Where had I landed? Was there some sort of tachyon field causing a rift in the space time continuum? How did I land at a conference with free parking, free food, an open bar, and an audience of hundreds of interested attendees? I half expected to find a Jefferies Tube to the parking lot.
The coup de grace for Lab Automation 2007 came the next morning as the plenary speaker was none other than Gene Krantz. Don’t recognize that name? That’s the guy played by Ed Harris in the movie Apollo 13, a true story whereby a heroic team of NASA engineers scrambled to get seemingly doomed astronauts back from the far side of the moon.
My father-in-law, a former fighter pilot in Vietnam, and later the Base Commander at Beale AFB in California, actually supported the Apollo program at one point, so I figured as an early Father’s Day present, I’d get an autograph from Krantz. I spotted him chatting to a few people before his talk, and so I stood off to the side. As soon as he finished with them, he strode over to me and stuck out his hand.
“Hi, Gene Krantz, how are you?”
He was a high-energy man who brimmed with the confidence and enthusiasm of an individual who had established an indelible mark in history. I chatted with him briefly about my father-in-law.
“That’s great. He must have been a part of the Apollo Range Instrumented Aircraft (ARIA) program, and we needed those guys desperately in those days. I’ll actually mention them near the end of my talk.”
He happily obliged the autograph request and proceeded to give one of the best, most riveting talks I’ve ever heard. Coming onto the stage to pulsating music and a serious audio/visual display from his Apollo days, he grasped the audience and held them tightly (no lethal cards required). After detailing the unbelievable pressure of getting the astronauts back to Earth, it seemed almost incidental that he was also the Mission Control Flight Director for a little thing called the first landing on the moon.
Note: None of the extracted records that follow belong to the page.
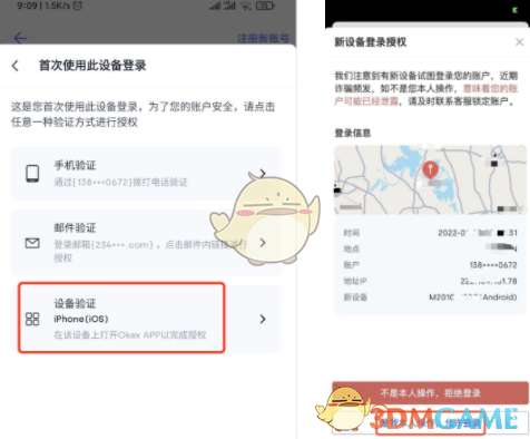 1、若选择设备验证,打开您已用设备(如iPhone)上的欧易APP,会收到验证内容,点击【是我本人操作,允许登录】即可。
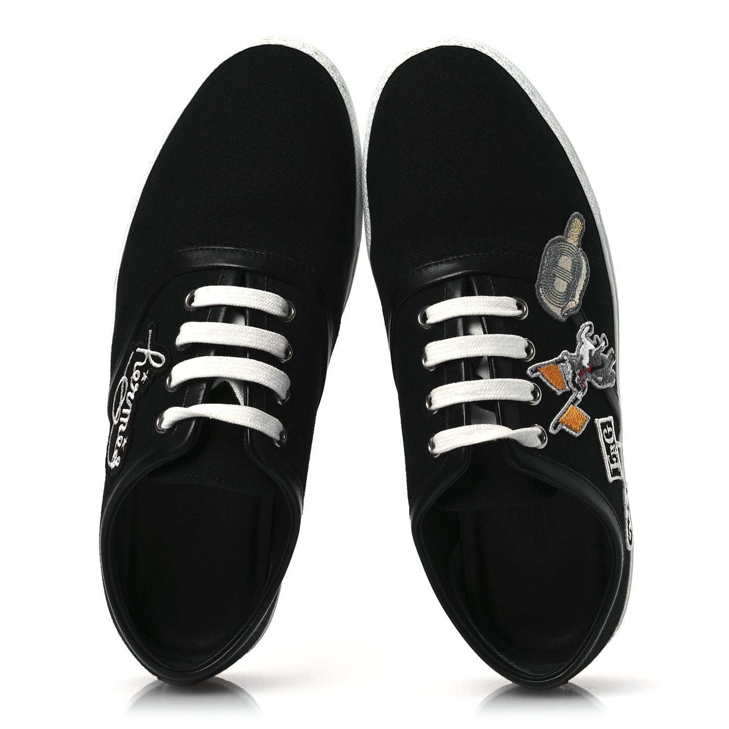 Hermes/ Accessories/ Shoes /Hermes Canvas Embroidered Innocent Sneakers 38 Black
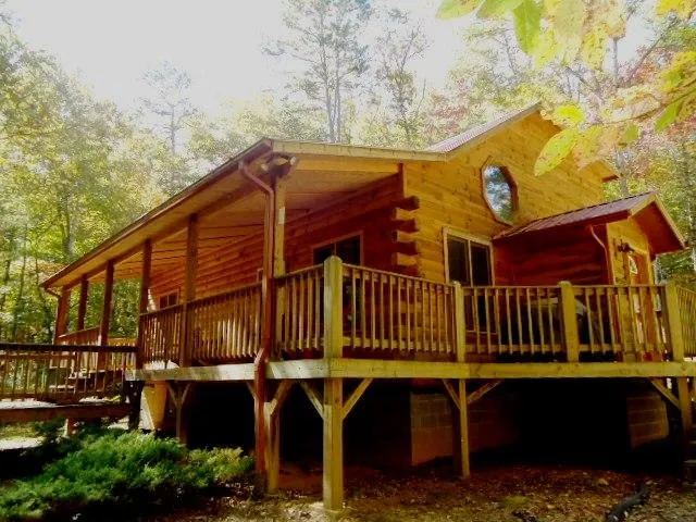 2BR/2BA real log home on 1.51 ac. with small creek. All wood interior, bonus sleeping loft, kitchen pantry, black appliances, garden tub in Master, Rock Fireplace with gas logs, central heat and air, covered front porch, and metal roof.
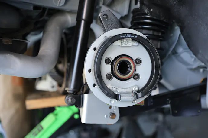 But then I had a bit of rethinking at this point. As I was just about the start the new rear brake installation, it hit me: why not pull the entire rear differential assembly out, clean it up, throw a coat of paint on it, and then toss in some fresh bearings, seals, and new axles, then clean up the underbody while I’m at it? So, I did just that. But for the sake of this article, I’ll spare you the details of that lengthy process and jump straight to the completion of the brake install. You’re welcome!
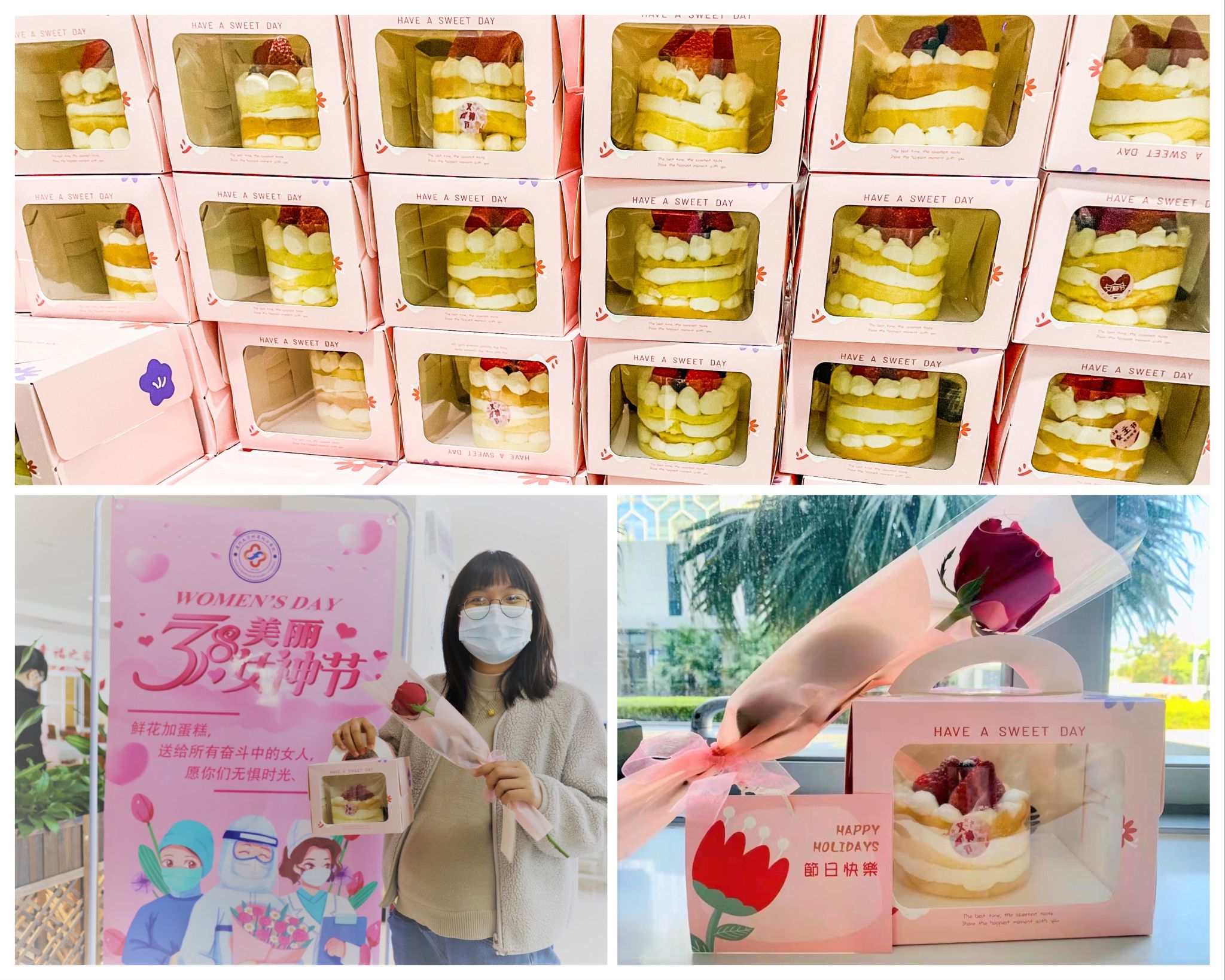 在节日当天,院妇委会开展了“浓情三八妇女节,鲜花蛋糕暖人心”主题活动,精心准备水果蛋糕和鲜花,为医院520名女教职工送上最甜蜜的节日礼物。
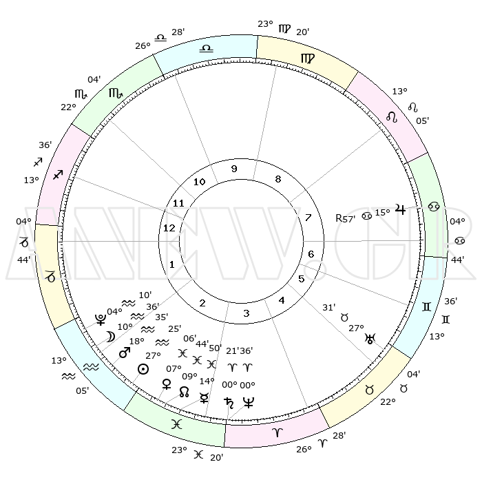 | | ΘΕΣΕΙΣ ΠΛΑΝΗΤΩΝ ΑΣΤΡΟΛΟΓΙΚΟΥ ΧΑΡΤΗ ΤΗΣ ΣΤΙΓΜΗΣ ΑΥΤΗΣ | | | | Πλανήτης | Ζώδιο | Μοίρες | Δεκαήμ. | Σε οίκο | Απόκλιση | | Ακμές των οίκων | | Ηλιος | Υδροχόος | 27°22' | Τρίτο | 2 | 12 S 23 | | 1ος | 17°26' | Τοξότης | | Σελήνη | Υδροχόος | 09°55' | Πρώτο | 2 | 20 S 14 | | 2ος | 21°37' | Αιγόκερως | | Ερμής | Ιχθείς | 14°45' | Δεύτερο | 3 | 05 S 44 | | 3ος | 00°12' | Ιχθείς | | Αφροδίτη | Ιχθείς | 07°02' | Πρώτο | 3 | 10 S 17 | | 4ος | 05°43' | Κριός | | Αρης | Υδροχόος | 18°33' | Δεύτερο | 2 | 16 S 18 | | 5ος | 04°08' | Ταύρος | | Δίας | Καρκίνος | 15°57'R | Δεύτερο | 7 | 22 N 48 | | 6ος | 27°01' | Ταύρος | | Κρόνος | Κριός | 00°20' | Πρώτο | 3 | 01 S 50 | | 7ος | 17°26' | Δίδυμοι | | Ουρανός | Ταύρος | 27°31' | Τρίτο | 6 | 19 N 25 | | 8ος | 21°37' | Καρκίνος | | Ποσειδώνας | Κριός | 00°36' | Πρώτο | 3 | 00 S 58 | | 9ος | 00°12' | Παρθένος | | Πλούτωνας | Υδροχόος | 04°10' | Πρώτο | 2 | 22 S 56 | | 10ος | 05°43' | Ζυγός | | Β. Δεσμός | Ιχθείς | 09°44' | Πρώτο | 3 | 07 S 55 | | 11ος | 04°08' | Σκορπιός | | Ωροσκόπος | Τοξότης | 17°26' | Δεύτερο | | | 12ος | 27°01' | Σκορπιός | | Μεσουράνημα | Ζυγός | 05°43' | Πρώτο | | | |
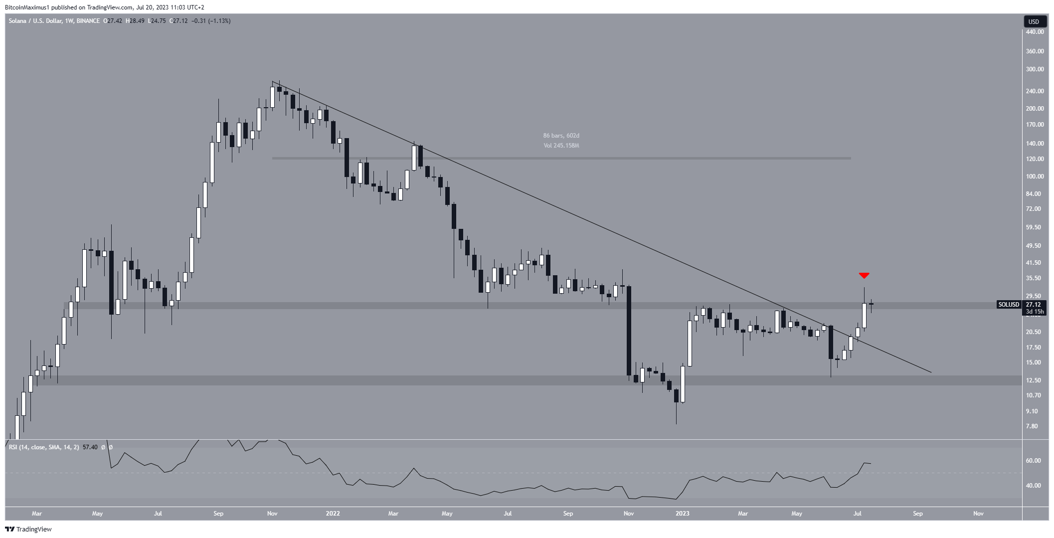 A Solana (SOL) está em forte tendência de baixa desde 10 de junho. O movimento causou um rompimento nos níveis de resistência diagonal e horizontal. Isso sugere fortemente que uma nova reversão de tendência de alta provavelmente está em andamento.

So, he was the man in charge when Neal Armstrong’s boots hit lunar dust. He explained that when the lunar lander was headed down to the surface, a slight miscalculation caused them to miss the targeted landing area, and when they actually touched down, they had less than 17 seconds of fuel left to allow them to get all the way back up to the command module.
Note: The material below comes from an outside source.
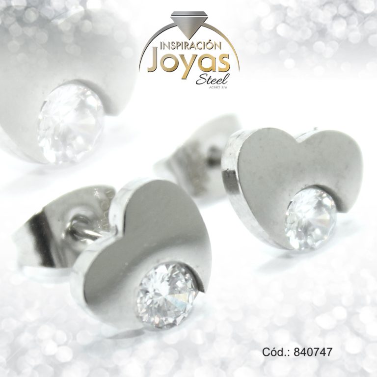 Zarcillo de Acero – Aleación Circón – Plateado – Corazón – 840747

What a bummer that would have been.
Gene’s the man. When he wasn’t grabbing the audience by their throats and shaking them until their fillings loosened, he was busy stripping any pretense that any of us know how a lack of teamwork takes on a new meaning when three men will die in the cold vacuum of space.
Kranz wove a tapestry of intricate detail that jolted us to the realization that the spark of creativity is often fanned by the winds of desperation. God willing, none of us will be placed in a situation whereby pressure is measured in terms of human capital rather than the comparatively banal prospect that our own creativity and focus might result in some measure of personal gain. If Gene Kranz somehow managed to ground our own realities back to the fact that the collective we is always stronger than the singular I, then we can all breathe a little easier in knowing that our own accomplishments are always fortified by teamwork, and the ability to draw on the intellect of others is not a weakness.
I’ll see you next year in Palm Springs.